Тихая Зина была профессиональной проституткой – хипесницей. Ей отвели отдельную койку, остальные спали на нарах или на «вагонках».
Маленькая толстушка, курносая, очень синеглазая Аня Калининская, так ее называли в отличие от Ани Московской, рассказывала:
– У меня гонорея… Муж заразил – такой паразит. Ну, он агент по снабжению, все время по командировкам эва-эвона, туды-сюды, набрался тех гонококков и, сволочь такая, затаил. Приехал пьяный и лезет: «Давай, жена, что положено». Ну я уже потом, через сколько дней поняла, что больная, доктор мне все объяснили. Так муж, паразит, еще стал эвона права качать: «Это ты сама нагуляла!», ну и матом при детях… Ни стыда ни совести… И в тюрьму я через него попала. Их там эва-эвона была целая шайка-лейка: агенты, проводники поездные, шоферня – такие же паразиты колотырные. Ну, чего-то там покупали, продавали эваэвона, с Москвы, и с Ленинграда, и с Кавказа возили. А я в буфете работала при ресторане. Ну, когда-никогда, случалось, доставала продукты дефицитные без карточек. Вперед, конечно, для детей, а потом эва-эвона и для мужа, и для его дружков. Ну, когда знакомый там придет в буфет, тоже ведь нельзя не поднести, эвона там чего-ничего выпить и закусить. А они, паразиты, как сами погорели, так и на меня понесли – эва-эвона – и чего было, и чего не было. Им всем дали указ седьмого августа, и моему благоверному, заразе такой, тоже; всем по десятке отвесили. Ну а меня суд как-никак пожалел, двое детей, ведь и мамаша у меня старенькие; эвона и посчитали как простую спекуляцию, дали пять лет… Теперь бы мне эту гонорею вылечить, я бы вскорости сактировалась… Ну как актируются?! Я ведь еще женщина эвона не старая, а по моей статье беременных на шестом-седьмом месяце актируют… Если бы мне сейчас только здоровье, я бы гулять не стала, я не такая-какая, я самостоятельная женщина, я бы нашла себе мужчину, чтоб эва-эвона тоже самостоятельный и, конечно, здоровый, чистый.
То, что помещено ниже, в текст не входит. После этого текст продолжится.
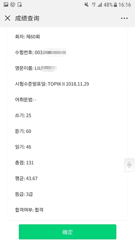 考试类型:韩语TOPIK等级考试所报课程:韩语TOPIK3级
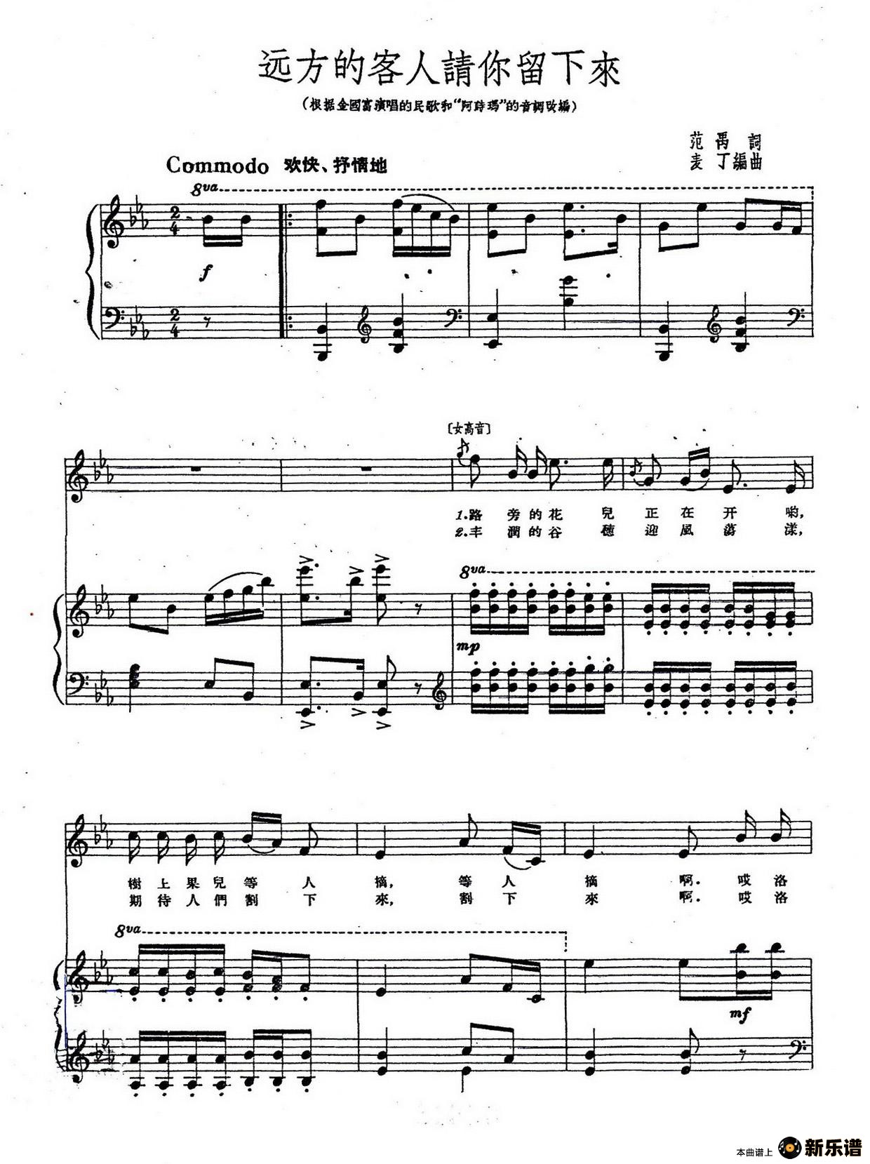 1.辽宁通信之声合唱团 2.中央民族歌舞团演唱的远方的客人请你留下来(正谱)歌词,远方的客人请你留下来(正谱)简谱.

Ну вот с тобой, например, можно. И тебе удовольствие – верь, не пожалился бы, я ласковая девочка – а мне – актировка, на волю, эва-эвона домой, а что третье дите, так ведь где двое ртов, эва и на третий найдется… Ну и мужчина, если хороший и с малым сроком и с чувствами, может, когда-никогда эва-эвона подкинет своему ребенку… Но только вперед я вылечиться должна. А то если он от меня триппер заимеет, так он же эвона и побить и убить вполне может, а тогда уже не пожалишься и до шести месяцев, до актировки, не доживешь…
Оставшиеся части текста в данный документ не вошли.